Matthew Perna was failed by the country he loved.
Matthew Perna did nothing wrong on January 6, 2021.
The Pennsylvania man walked through an open door on the Senate side of the building shortly before 3 p.m. that afternoon. Capitol police, shown in surveillance video, stood by as hundreds of Americans entered the Capitol. Wearing a “Make America Great Again” sweatshirt, Perna, 37, left after about 20 minutes.
Less than two weeks later, Perna was ensnared in what the former top U.S. prosecutor called a “shock and awe” campaign to round up Trump supporters and deter them from demonstrating at Joe Biden’s inauguration on January 20, 2021. After he discovered his image on the FBI’s most wanted list for January 6, Perna immediately contacted his local FBI office and voluntarily submitted to questioning; on January 18, six FBI agents arrested Perna at his home.

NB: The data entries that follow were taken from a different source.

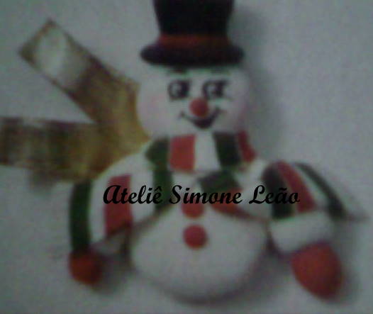 Fiz no natal passado para a minha geladeira, sem moldes, manualmente fiz a modelagem, no olho usei uma continha bem pequena azul cintilante, os óculos são de arame fino, ficou uma graça, e deixo para voçês esta idéia esperando que aproveitem algo.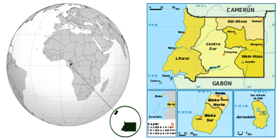 “Guinea Ecuatorial es un país soberano centroafricano, formado por 7 provincias (divididas a su vez en 30 municipios), y cuya capital es la ciudad de Malabo, antiguamente conocida como Santa Isabel.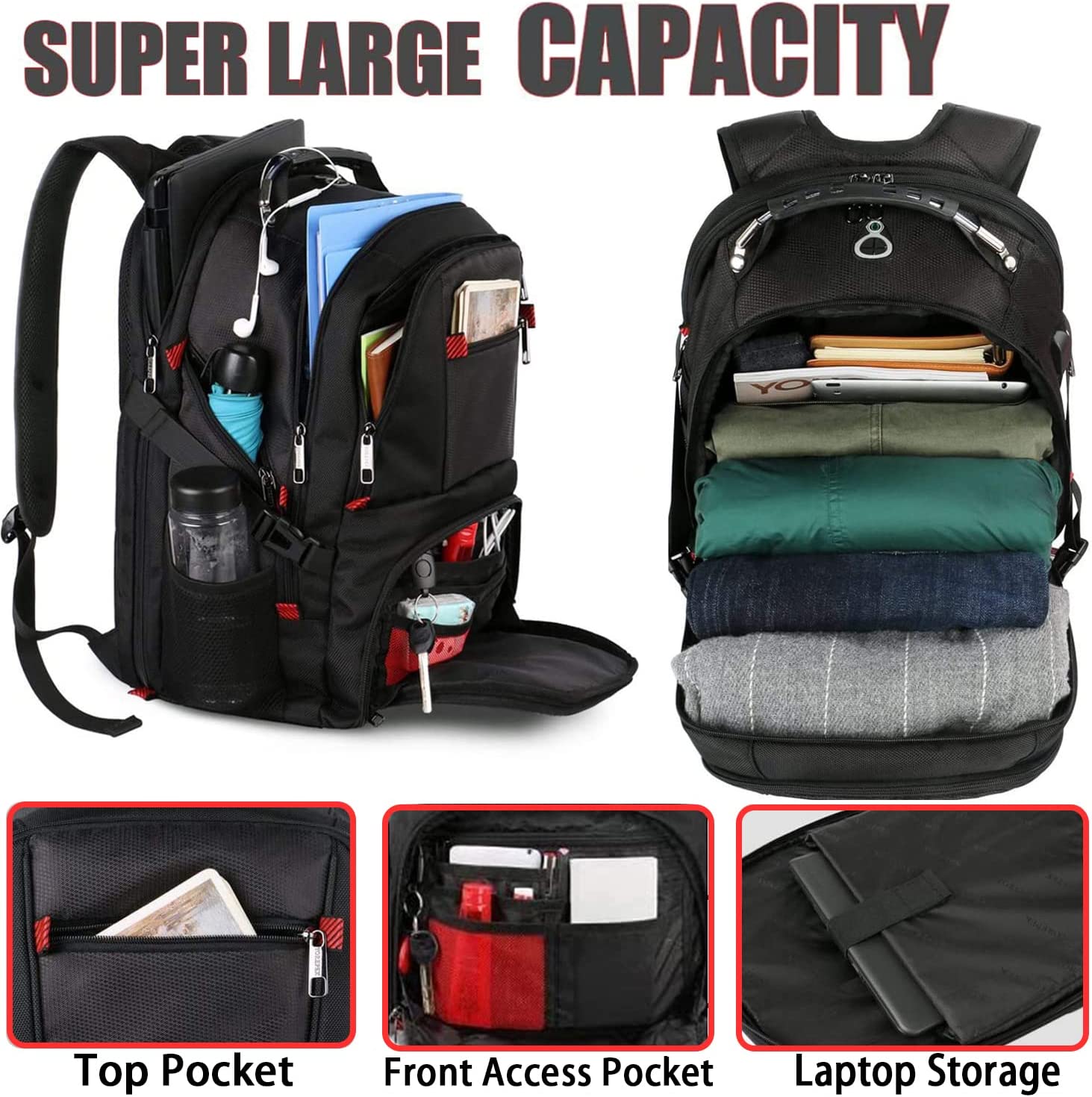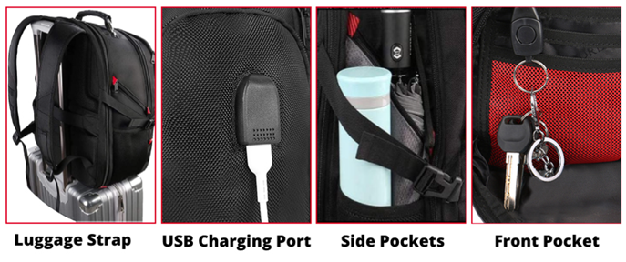 TSA Approve & Multipurpose: At checkpoints, the large travel backpack can be freely unfolded 90-180 degrees, allowing you to quickly pass through airport security and keep things tidy, exclusively designed for airplane travel. A luggage strap allows the traveling backpack to fit on the suitcase, great for international plane travel and day trips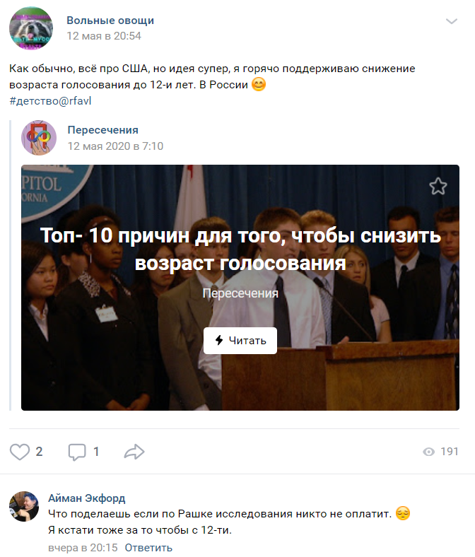 Отсюда проистекает следующий вопрос: а что это за работа? Речь идет о труде, который может обеспечивать хотя бы его самого, или это подработки, чтобы было на что развлечься с друзьями? Как-то восьмичасовой рабочий день плохо сочетается с необходимостью учиться. Допускаю, что есть дети, которые действительно могут или вынуждены сочетать учебу и работу (например из-за тяжелой жизни), но сколько их, да и разве именно они достаточно хорошо разберутся в политических нюансах? А как волонтерство, скажем, по защите китов должно добавлять им политического веса? Тоже непонятно.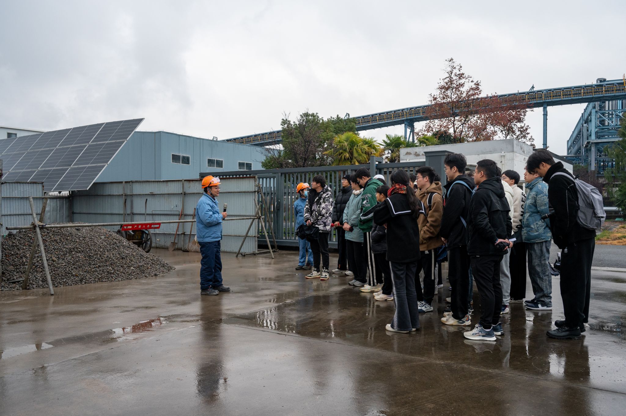 活动伊始,参观团队抵达镇海炼化外配电箱处,映入眼帘的是三块大面积的太阳能光伏板。这些光伏板不仅是镇海炼化绿色转型的生动实例,更是学生党员们学习的生动课堂。讲解人员详细介绍了光伏板的工作原理及其在炼化过程中的环保价值,让学生们深刻感受到绿色能源的魅力。光伏板的有效利用,不仅减少了对传统能源的依赖,还降低了炼化过程中的碳排放量,体现了绿色转型的显著成效。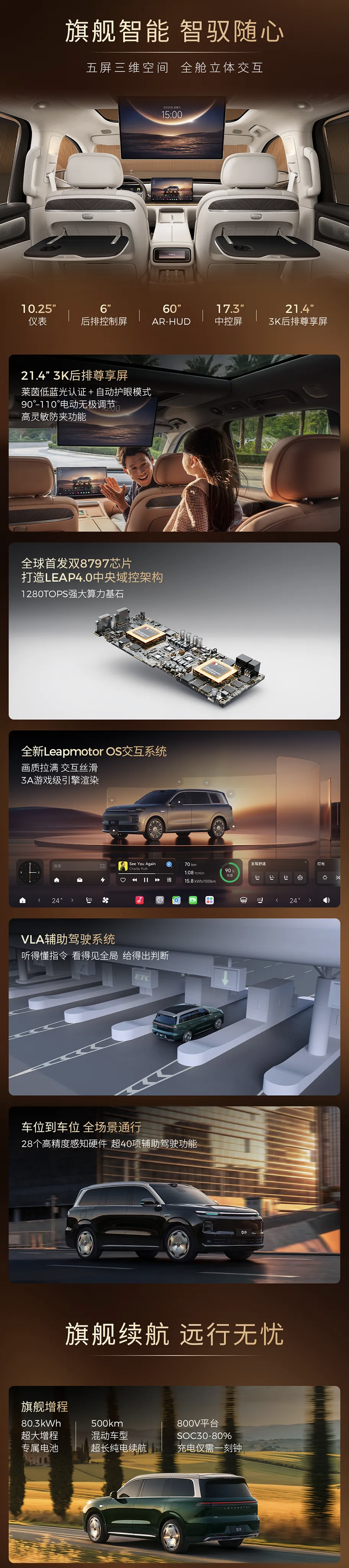智驾方面,全球首发8797芯片,1280Tops算力,目前看过比这个算力高的就是小鹏P7了,3颗图灵AI芯片,算力2250TOPS。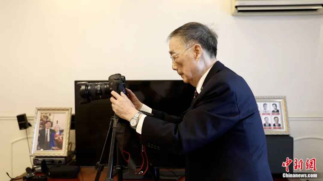 6月25日,陈为江在北京家中为到访客人拍照留念。中新社记者 李雪峰 摄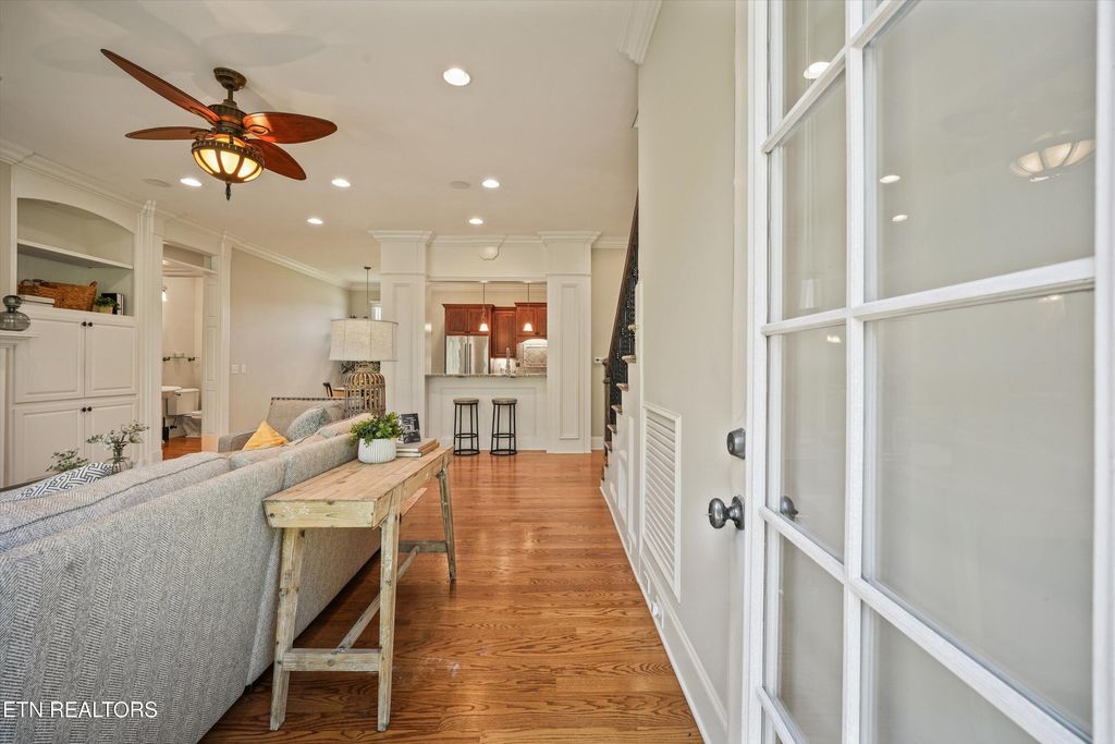 Tucked in the heart of Farragut, this exceptional all-brick home offers the perfect balance--minutes from everything West Knoxville has to offer, yet quietly set in one of the area's most sought-after neighborhoods where it truly feels like a retreat. With nearly 6,000 square feet and room to grow, this thoughtfully designed home features 5 spacious bedrooms and 5.5 bathrooms, including a luxurious primary suite on the main level. The open floor plan is ideal for both everyday living and entertaining, highlighted by gorgeous hardwood floors on the main and upper levels, extensive rich molding and wall treatments, and elegant rounded corners that add architectural character throughout. The main level also includes two dedicated office spaces, perfect for today's flexible lifestyle, along with a well-appointed butler's pantry and abundant built-in cabinetry. Upstairs and throughout the home, attention to detail shines in every finish. Downstairs, a fully separate apartment offers incredible versatility--perfect for guests, multigenerational living, or extended stays--complete with generous entertaining space. Step outside to a private paver patio surrounded by beautiful, mature landscaping, creating a peaceful outdoor escape. An oversized garage provides ample storage and convenience. And for a touch of charm and surprise--a hidden bookshelf door adds a unique and memorable feature you won't find just anywhere. Move-in ready and impeccably maintained, this home delivers space, style, and location in one truly remarkable package.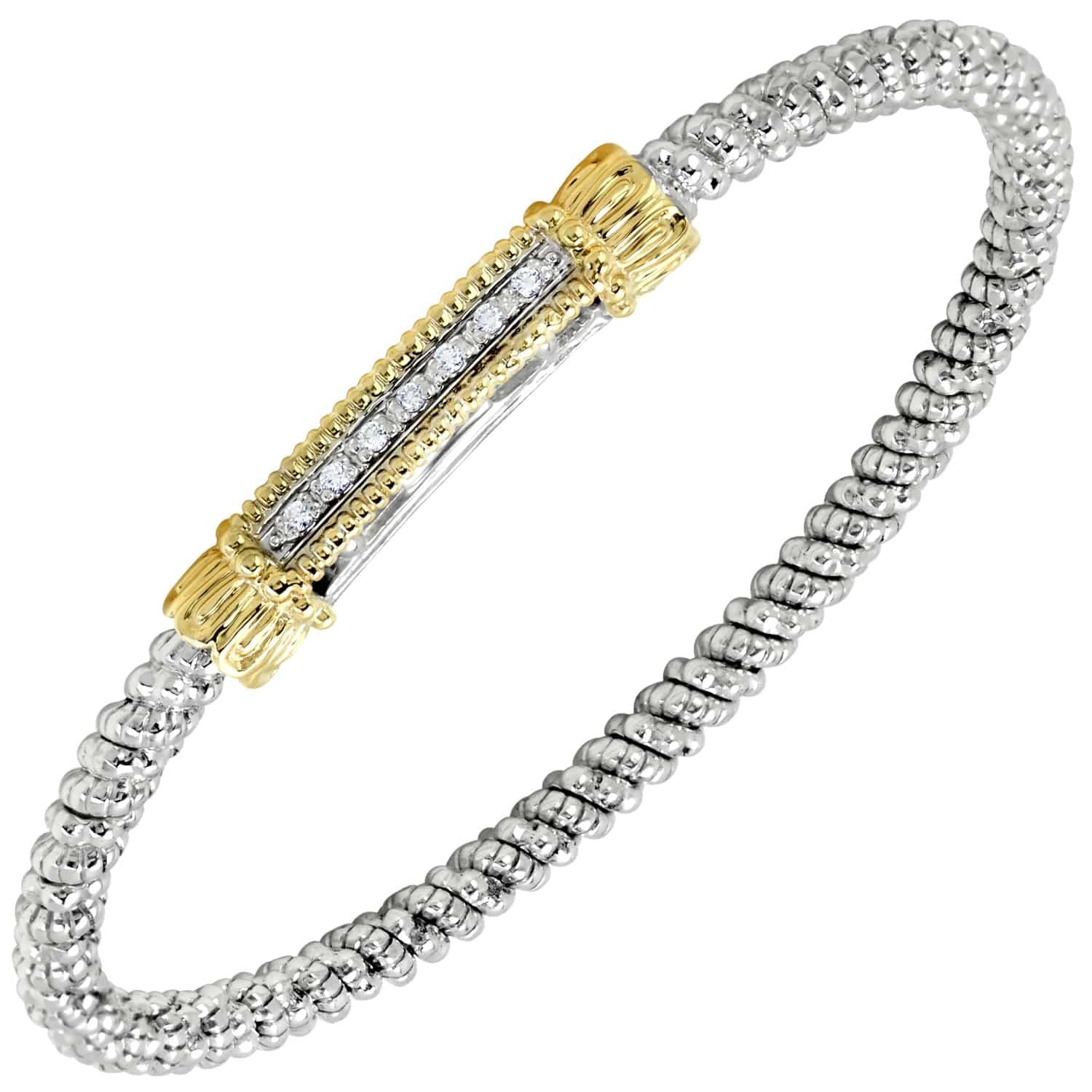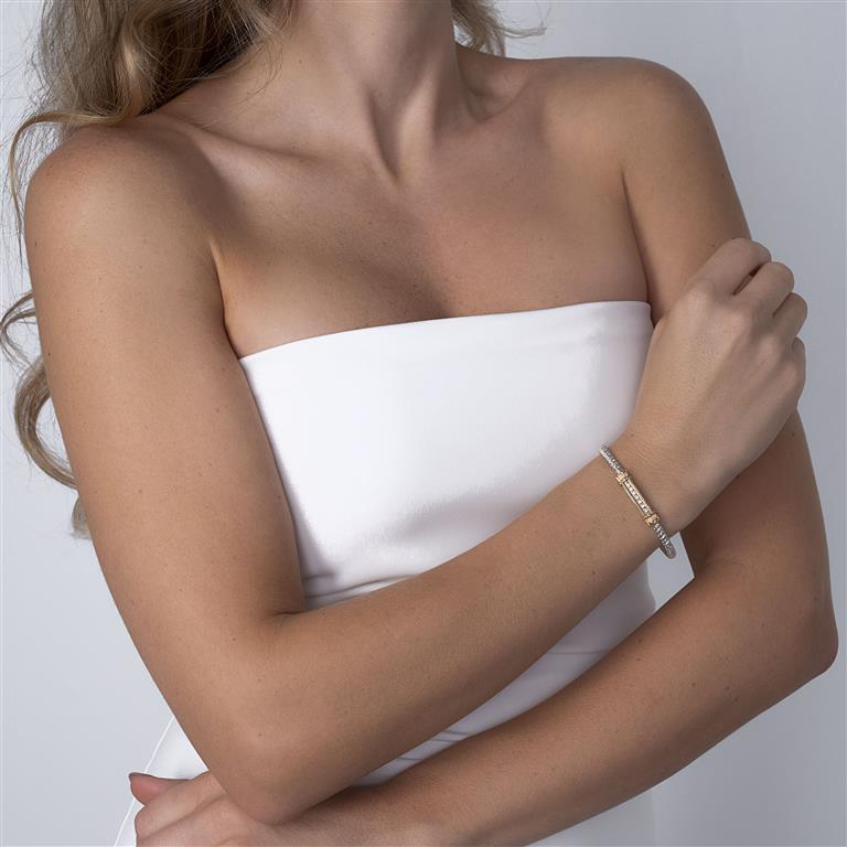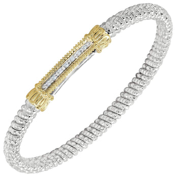 14K Gold and Sterling Silver, Diamond Stackable Bracelet | 4MM

His life from that point turned into a nightmare. Perna was indicted by a grand jury in February 2021 on four counts including obstruction of an official proceeding and trespassing misdemeanors. Despite his nonviolent participation in the events of that day—he did not assault anyone, carry a weapon, or vandalize property—Biden’s Justice Department and local news media nonetheless made his life pure hell.
Whenever his hometown paper, the Sharon Herald, published an article on its social media account about Perna, the majority of replies were “horrible and brutal,” his aunt, Geri Perna, told me on the phone Sunday. After more than a year of legal and public torture, Perna saw no way out.
On Friday night, Matthew Perna hung himself in his garage.